Le foto che l'Anas ha deciso di mettere in mostra (undici autori, di età diverse), sono la testimonianza di un'interazione in essere e, per certi versi e tratti, felice, certamente assai domestica, tra città e paesaggio, città e infrastruttura, cultura e servizio, velocità e crescita. In una delle sale espositive, a disposizione del pubblico, ci sono alcuni visori 3D: li si indossa e si è immersi nei cantieri della nuova Sa-Rc, con un video a 360 gradi che sfrutta la realtà aumentata tramite gli smart-glass e la realtà virtuale tramite i visori. Un video di tre minuti che, almeno per un po', spazza via "Romanzo Popolare" e Tognazzi, che giustamente irridevano il gigantismo retorico che per decenni ha fatto di un'opera pubblica lo zimbello di governi, ma pure di popoli (stridente, no?).
Della bellezza paesaggistica che l'autostrada valorizza, ha scritto su questo giornale Antonio Pascale, qualche mese fa. E dello stupore per la sua scorrevolezza, persino non in antitesi con l'idea un po' sorniona dello scorrere del tempo che si ha al Sud. Che l'A3 sia “un'opera d'arte e ingegneria” (che connubio vertiginoso!), un elemento di lessico politico e familiare e quasi un soggetto morale agente, invece, lo hanno colto gli artisti chiamati da Anas e Maxxi.

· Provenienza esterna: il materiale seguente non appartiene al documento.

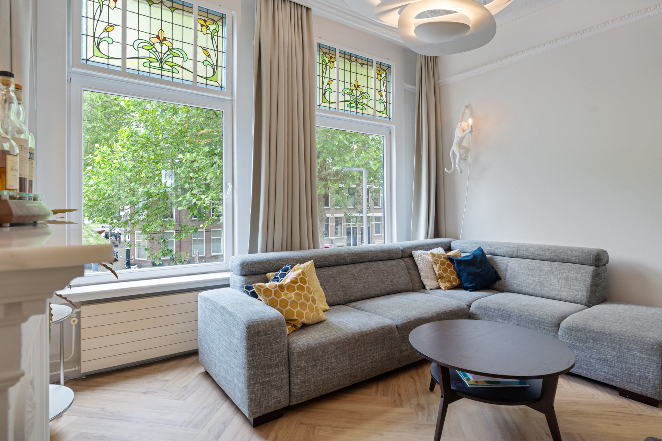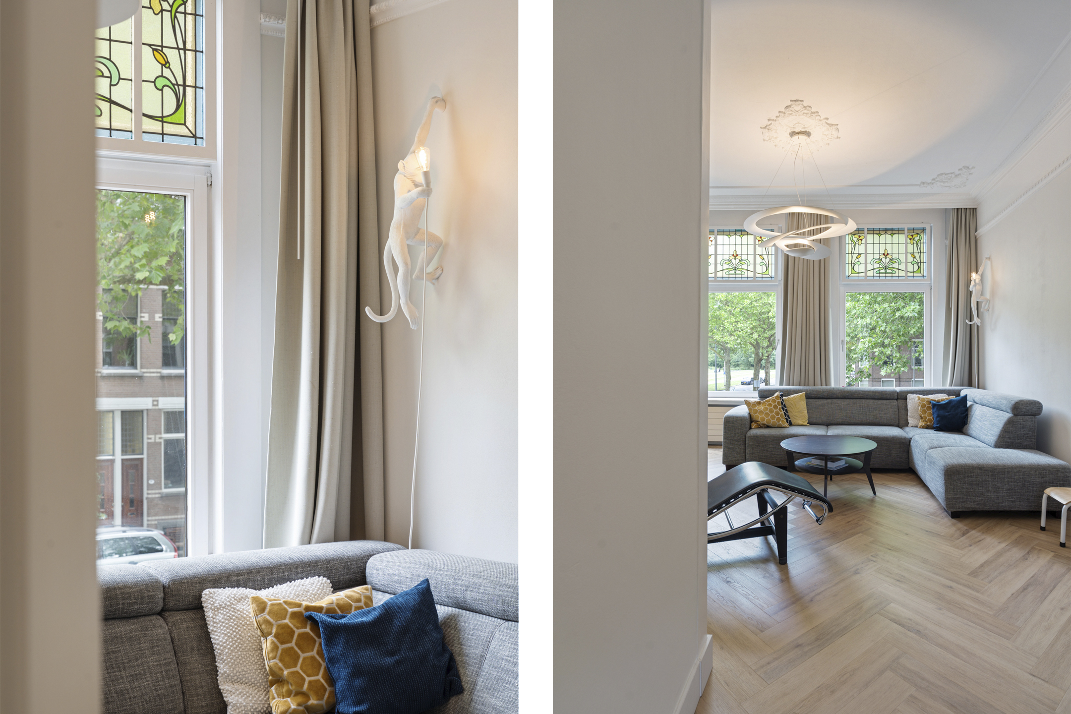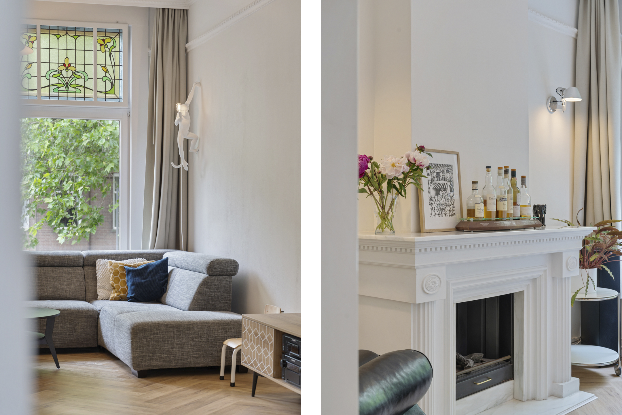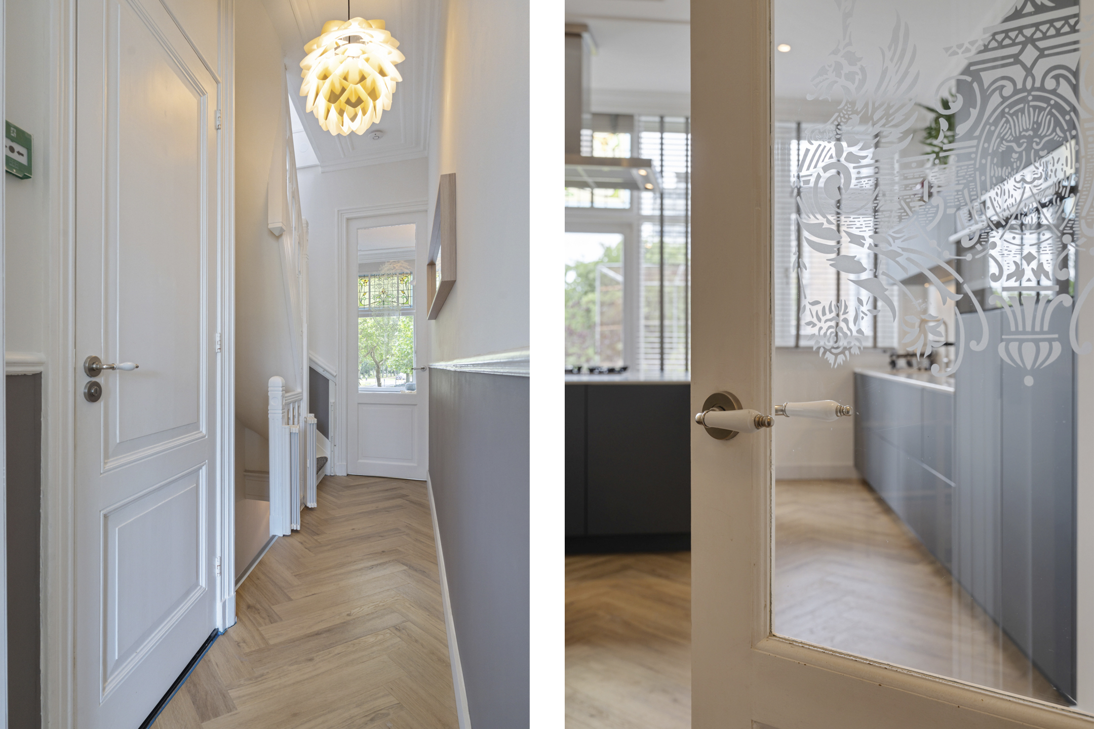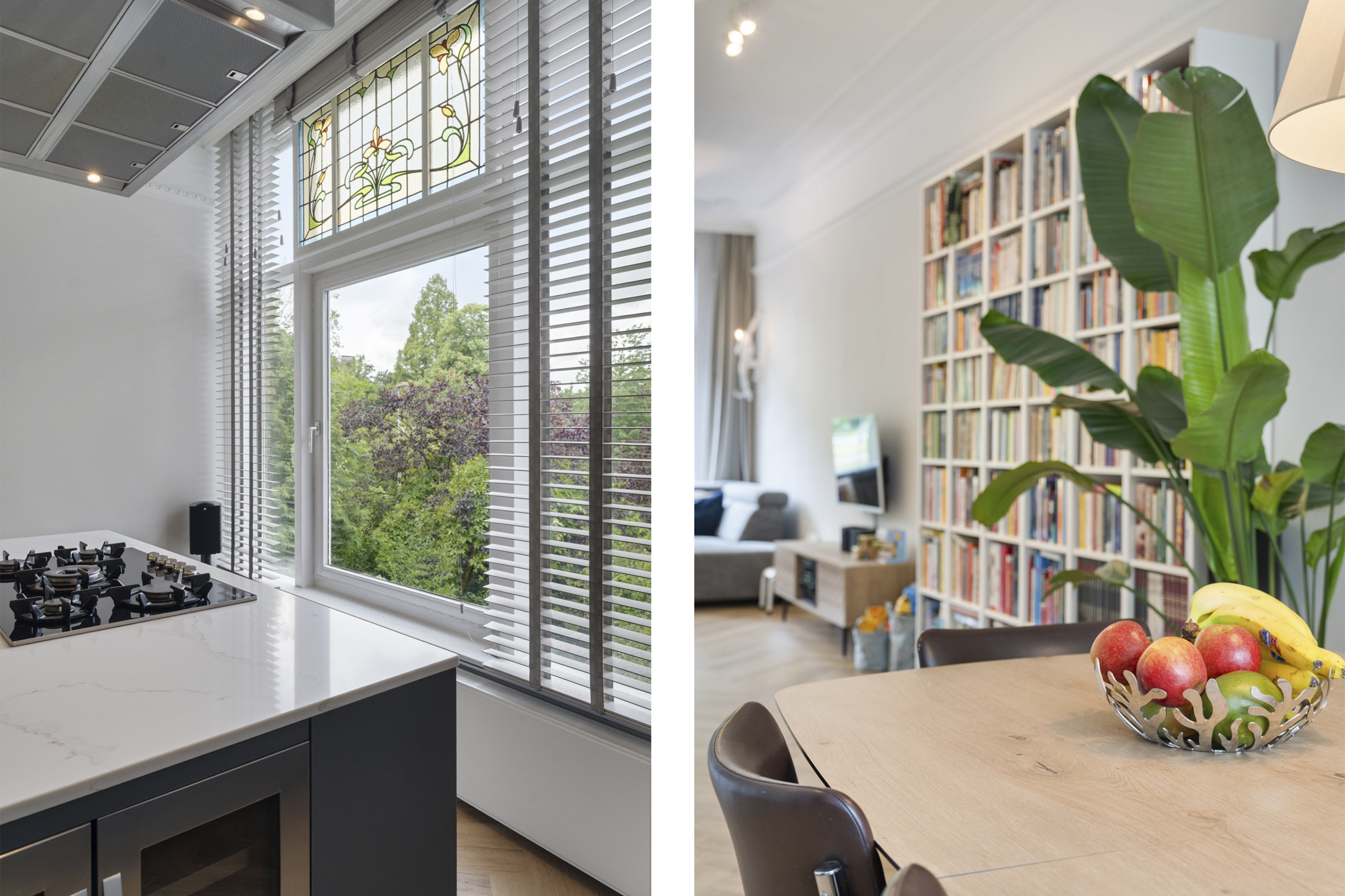 Grote raampartijen zorgen voor veel licht, terwijl het glas-in-lood bovenraam extra karakter toevoegt.
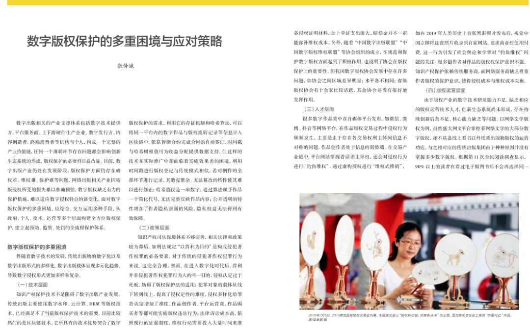数字出版相关的产业支撑体系包括数字技术提供方、平台服务商、上下游硬件生产企业、数字发行方、内容创造者、终端消费者等机构与个人,构成一个完整的产业价值链,任何一个薄弱环节存在问题都会影响创新生态系统的形成,版权保护的必要性日益凸显。目前,数字版权保护面临哪些难题?有何解决之策?
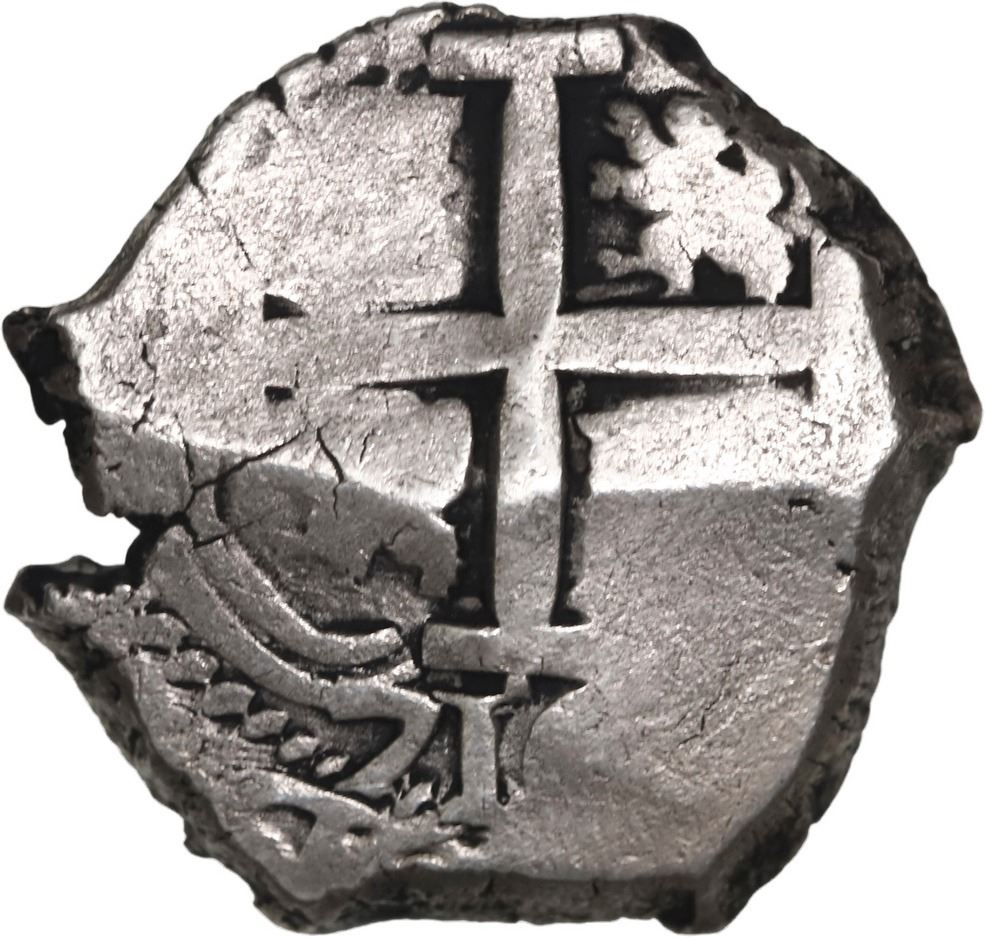 BOLIVIA, Potosí, cob 4 reales, 1716 Y, ex-Ponte. S-P43a; KM-30; Cal-1168. 11.78 grams. Full cross, off-center pillars, two clear dates, crude strike with much flatness and edge-crack, VG with black toning in crevices and slight surface porosity (possibly from the Princess Louisa of 1743). Pedigreed to the Luis R. Ponte Collection.
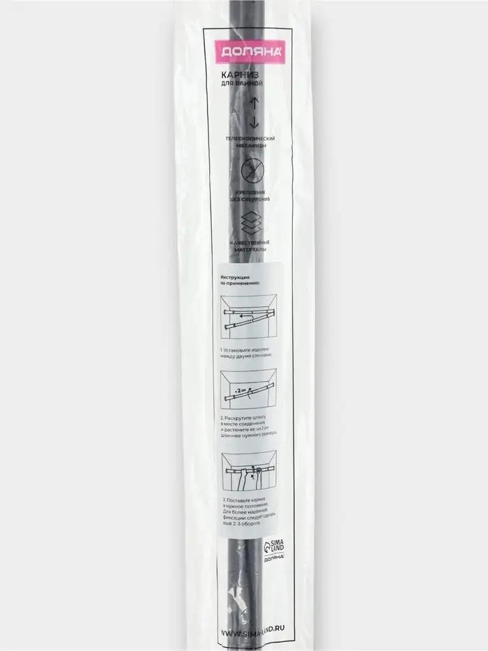 Карниз для ванной комнаты "Блеск" 116-220 см нержавеющая сталь, цвет черный
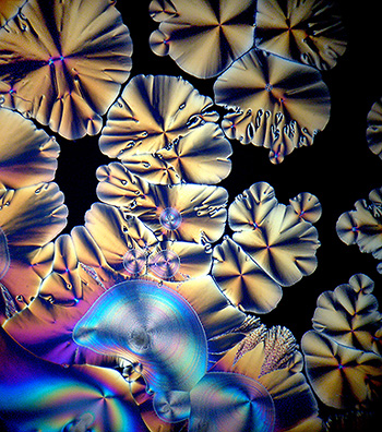 Stereo microscopes may be more suitable for larger specimens than a high-magnification compound microscope. I found that some of the larger clusters of chemical crystals offer pictorial images of great beauty when cross-polarized. Shown below are cross-polarized images of Ascorbic Acid:

"Il paesaggio è un testo unico dell'educazione del nostro sguardo ed è oggetto di continua perifrasi. Il paesaggio è un'enciclopedia. Una delle responsabilità più grandi sta nel comprendere che il progettista o il fotografo, chiunque agisca sul paesaggio, con il suo lavoro partecipa e interviene nel corpo di questa Enciclopedia", hanno scritto i due curatori della mostra, Emilia Giorgi e Antonio Ottomanelli.
La responsabilità di questa enciclopedia, però, è una consegna per tutto il paese. Regioni e cittadini meridionali in testa: obsoleta o all'avanguardia, incompleta per tendenza o per volontà o per cultura, la strada è servita. Darle vita e cammino sta a noi.